3.5 Sex differences in 3 best-fitting twin models
We fitted the 3 best-fitting models emerging from the VTSABD and YAFU analyses separately to data on same-sex male and female MZ and DZ pairs.
In the VTSABD data, model-fit in male and female twins closely resembled each other. In both sexes, Cannabis causes Tobacco use was the best-fitting model (AICM=1284.2, AICF=1217.8), correlated liabilities fit second best (AICM=1292.8, AICF=1251.3) and the extreme multiformity of cannabis model provided the third best-fit (AICM=1314.8, AICF=1258.6). The role of additive (Males: a2tobacco=0.45, a 2cannabis=0.44; Females: a2tobacco=0.43, a2cannabis=0.42) and shared environmental factors (Males: c2tobacco=0.41, c2cannabis=0.34; Females: c2tobacco=0.37, c2cannabis=0.30) were similar across sexes as were other parameters, such as the cannabis causes tobacco use path and the genetic and environmental correlations across cannabis and tobacco use. Thresholds varied considerably across sexes.
Similar to the VTSABD, in the YAFU assessments, with the exception of threshold variations, there was no evidence for variations between young adult male and female twins. In both sexes, the tobacco causes cannabis use model fit best (AICM=1486.7, AICF=2951.3). In men, correlated liabilities and three independent disorders fit second and third best respectively (AICM=1490.6 & 1496.7) while in the women, these two models had approximately equal fit (AICF=2957.0 & 2956.8). Both tobacco (Males: a2tobacco=0.79; Females: a2tobacco=0.77) and cannabis (Males: a2tobacco=0.76; Females: a2tobacco=0.75) were influenced by genetic and individual-specific environmental factors to a similar extent, also with comparable estimates on other model parameters.
4. DISCUSSION
In 1975, Kandel (Kandel, 1975) proposed that underlying patterns of licit and illicit drug use was a gateway effect, which was characterized by sequence (i.e. a gateway drug is always initiated before other drugs), association (i.e. use of a gateway drug independently increases risk for use of other drugs) and causation (i.e. use of a gateway drug asserts a causal influence on use of other drugs) (Kandel, 2003). Research by her (Chen et al., 1995; Kandel et al., 1993; Kandel, 2002; Kandel et al., 1985; Kandel et al., 1992) and other investigators (Adler et al., 1981; Chen et al., 1995; Hawkins et al., 2002; Yamaguchi et al., 1984) subsequently posited that while cannabis may serve as ‘gateway’ to other illicit drug use, tobacco use served as a ‘gateway’ to cannabis use. Tobacco is often initiated prior to cannabis (Kandel et al., 1975; Kandel et al., 1993; Patton et al., 2006) and tobacco users are at considerably increased risk for using cannabis during their lifetime.
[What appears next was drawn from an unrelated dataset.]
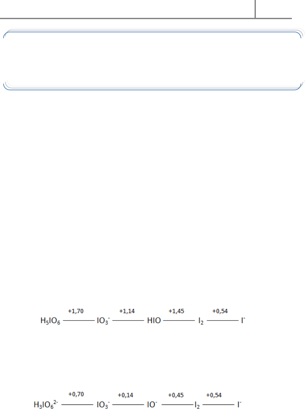 Laboratório de Química dos Elementos – QUI081 2017 60 O Iodo é um sólido negro e lustroso com leve brilho metálico, sendo encontrado na natureza sob forma de vários compostos concentrados em pequenas proporções (por volta de 1 e 50 mg/kg) na água salgada do mar, em forma de iodeto de sódio (NaI) além de estar presente nos compostos petrolíferos em forma de iodeto de potássio (KI). Além de ser extraído industrialmente desses locais (água salgada e veios petrolíferos) é também obtido como subproduto do processamento do chamado "Salitre do Chile", onde faz-se presente na forma de iodato de sódio (NaIO3). O iodo é um sólido altamente volátil em temperatura ambiente. O iodo é essencial para a síntese dos hormônios tireoidianos que irão regular as funções do organismo, sua deficiência pode levar ao bócio e seu excesso pode causar intoxicação. As reações de oxirredução constituem parte importante da química do iodo devido à sua variedade de estados de oxidação. Diagrama de Latimer, em meio ácido, a 25ºC, para o Iodo Diagrama de Latimer, em meio básico, a 25ºC, para o Iodo GRUPO 17 A QUÍMICA DO IODO – Parte 1 http://www.infoescola.com/elementos-quimicos/iodo/ http://www.infoescola.com/elementos-quimicos/iodo/ http://www.infoescola.com/elementos-quimicos/potassio/ Laboratório de Química dos Elementos – QUI081 2017 61 PARTE EXPERIMENTAL Procedimento 1: IDENTIFICAÇÃO QUALITATIVA DO IODO a. Em um tubo de ensaio, adicionar um ou dois cristais de iodo e acrescentar cerca de 3 mL de água destilada. Triturar os cristais até observar uma ligeira coloração amarela da solução. b. Após, acrescentar duas gotas de amido. Verificar as alterações ocorridas no sistema. OBS: O AMIDO, um polímero de fórmula (C6H10O5)n, é um pó ou granulado branco, insípido e inodoro, insolúvel em água fria ou álcool. A estrutura molecular do amido é fruto da combinação de dois polissacarídeos, a amilose e a amilopectina. Fórmula estrutural da Amilose Fórmula estrutural da Amilopectina Objetivos desta prática: 1. Identificar qualitativamente o iodo. 2. Realizar algumas reações com o íon iodeto. 3. Realizar algumas reações com o íon iodato. http://www.google.com.br/url?sa=i&rct=j&q=&esrc=s&source=images&cd=&cad=rja&uact=8&ved=0CAcQjRw&url=http%3A%2F%2Fpt.wikipedia.org%2Fwiki%2FAmido&ei=MANmVbKtJ8fgoASms4CwCg&bvm=bv.93990622,d.aWw&psig=AFQjCNGlP1h0fQJ0UT2T9Y_M_A4ha2WanQ&ust=1432835182765565 http://www.google.com.br/url?sa=i&rct=j&q=&esrc=s&source=images&cd=&cad=rja&uact=8&ved=0CAcQjRw&url=http%3A%2F%2Fpt.wikipedia.org%2Fwiki%2FAmido&ei=MANmVbKtJ8fgoASms4CwCg&bvm=bv.93990622,d.aWw&psig=AFQjCNGlP1h0fQJ0UT2T9Y_M_A4ha2WanQ&ust=1432835182765565 Laboratório de Química dos Elementos – QUI081 2017 62 A coloração azul intensa ocorre devido à formação de um complexo formado pela oclusão (aprisionamento) do iodo nas cadeias lineares da amilose. Como a amilopectina não apresenta estrutura helicoidal, devido à presença das ramificações, a interação com o iodo será menor, e a coloração menos intensa. Procedimento 2: REAÇÕES DO ÍON IODETO EXPERIMENTO 1 a. Em um tubo de ensaio, adicionar 1 mL de solução de iodeto de potássio e dois cristais de iodo (solução de lugol). Observar a coloração da mistura. b. Após, adicionar duas gotas de amido. Observar a coloração da solução comparando-a com a cor observada no tubo do procedimento anterior (procedimento 1). OBS: O lugol ou solução de lugol é uma solução de I2 em equilíbrio com I-. http://pt.wikipedia.org/wiki/Solu%C3%A7%C3%A3o http://pt.wikipedia.org/wiki/Iodo http://pt.wikipedia.org/wiki/Iodeto_de_pot%C3%A1ssio Laboratório de Química dos Elementos – QUI081 2017 63 A molécula de iodo é pouco solúvel em água por ser apolar, porém é muito solúvel em solventes não polares tais como o clorofórmio, benzeno, hexano e em álcoois de cadeia curta originando uma solução violeta. Na presença de soluções aquosas que já contenham íons iodeto, o iodo molecular se torna solúvel e uma solução marrom escura se forma devido à formação de espécies I3 - (aq) (íons triiodeto). O iodeto de potássio é adicionado para aumentar a solubilidade do iodo levando a formação do ânion I3-. EXPERIMENTO 2 a. Em um tubo de ensaio, adicionar 5 gotas de solução de nitrato de prata 0,1 mol/L. b. Após, adicionar 2 gotas de solução de iodeto de potássio 0,1 mol/L. Verificar as alterações ocorridas no sistema. EXPERIMENTO 3 a. Em um tubo de ensaio, adicionar 1 mL de solução de iodeto de potássio 0,1 mol/L e 1 mL de amido. b. Após, adicionar duas gotas de solução alvejante comercial (água sanitária = NaCl0 a 5% ). Verificar as alterações ocorridas no sistema. c. Em seguida, continuar acrescentando, gota a gota, solução alvejante até produzir-se uma segunda variação de cor no sistema. Quais alterações foram verificadas? Represente a reação química ocorrida. Laboratório de Química dos Elementos – QUI081 2017 64 Quais alterações foram verificadas no item “b”? Represente a semi-reações de oxidação e redução ocorridas no item “b”. Represente, ainda, a reação global. (Reação I) Calcule a variação do potencial da reação (ΔE). Quais alterações foram verificadas no item “c”? Represente a semi-reações de oxidação e redução ocorridas no item “c”. Represente, ainda, a reação global. (Reação II) Calcule a variação do potencial da reação (ΔE). Laboratório de Química dos Elementos – QUI081 2017 65 EXPERIMENTO 4 a. Em um tubo de ensaio, adicionar 2 mL de solução de iodeto de potássio 0,1 mol/L. b. A seguir, adicionar no mesmo tubo de ensaio 10 gotas de solução de cloreto férrico 0,2 mol/L. Observar as alterações no sistema. c. Em seguida, adicionar 2 mL de hexano e agitar vigorosamente. Observe a cor da fase orgânica. d. Para efeito de comparação, em um outro tubo de ensaio, adicione 2 mL de hexano e um a d

However, Patton and colleagues (Patton et al., 2005) demonstrated that in a sub-group of adolescent Australians, cannabis use predicted onset of tobacco use – with non-tobacco using cannabis users at an eight-fold increased risk of onset of tobacco use by age 21. This effect of cannabis use on smoking behavior has since been noted across multiple studies (Agrawal et al., 2008b; Timberlake et al., 2007), although not as frequently for initiation.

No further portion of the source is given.